Сердца воев наполнились трепетом от предвкушения встречи с непознанным, неведомым, а уж когда из-под шлема появилась голова Горыни, на смену этим чувствам в нутро штоурмвоев дохнуло холодом страха. Теперь они могли рассмотреть ануннака как следует. На них взирала образина зверя и ящерицы одновременно. В пику звериным, огромные, оттянутые краями к вискам, тигриные глаза ануннака были полны мысли.

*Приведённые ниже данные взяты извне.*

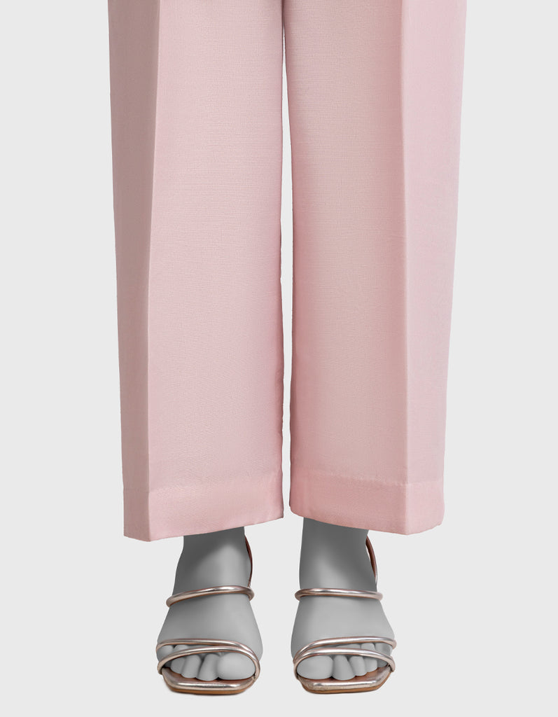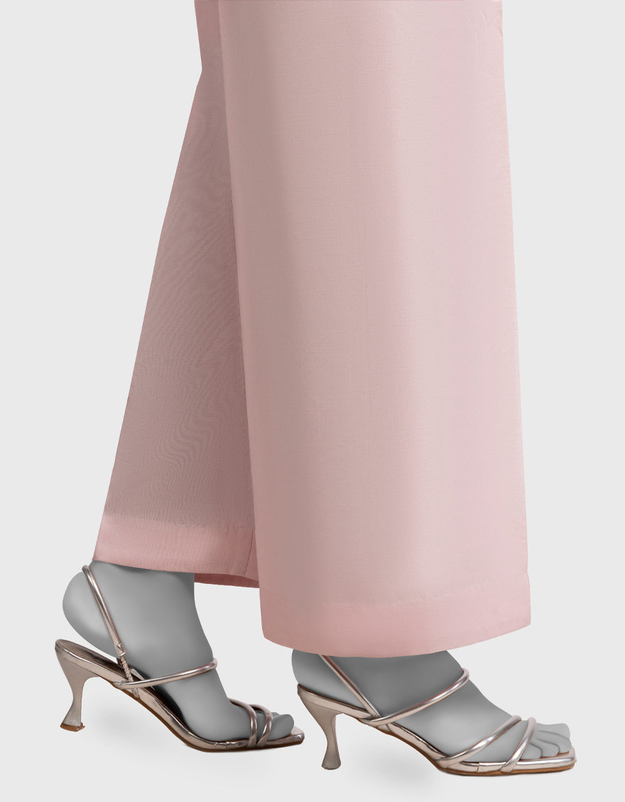 Pink Raw Silk Basic Trousers For Women

Да, было в его лике и что-то человечье, но не более чем есть в растопыренной, коряжистой сосновой шишке от высокой и стройной сосны. Кожа на его лице, была словно выложена мелкими камешками. Знал ведь, гадово племя, как заставить дрогнуть сердца витязей, потому и снял свою железную шапку.

Они, готовые в любой сорваться в бой, сжимали посиневшими от холода руками рукояти мечей, а потому дрогнули, когда ануннак заговорил по-человечьи. Молвил он говором древним, о коем многие токмо слышали. Не размыкались его гадкие уста, а каждое из тихо сказанных им слов влетало людям прямо в головы:

 — Обмельчали, — низким, трубным голосом пробасил он, — в прежние времена воины Ордена были куда-как мощнее…

— Не обижай витязей, — вступился, пользуясь той же древней речью Ас.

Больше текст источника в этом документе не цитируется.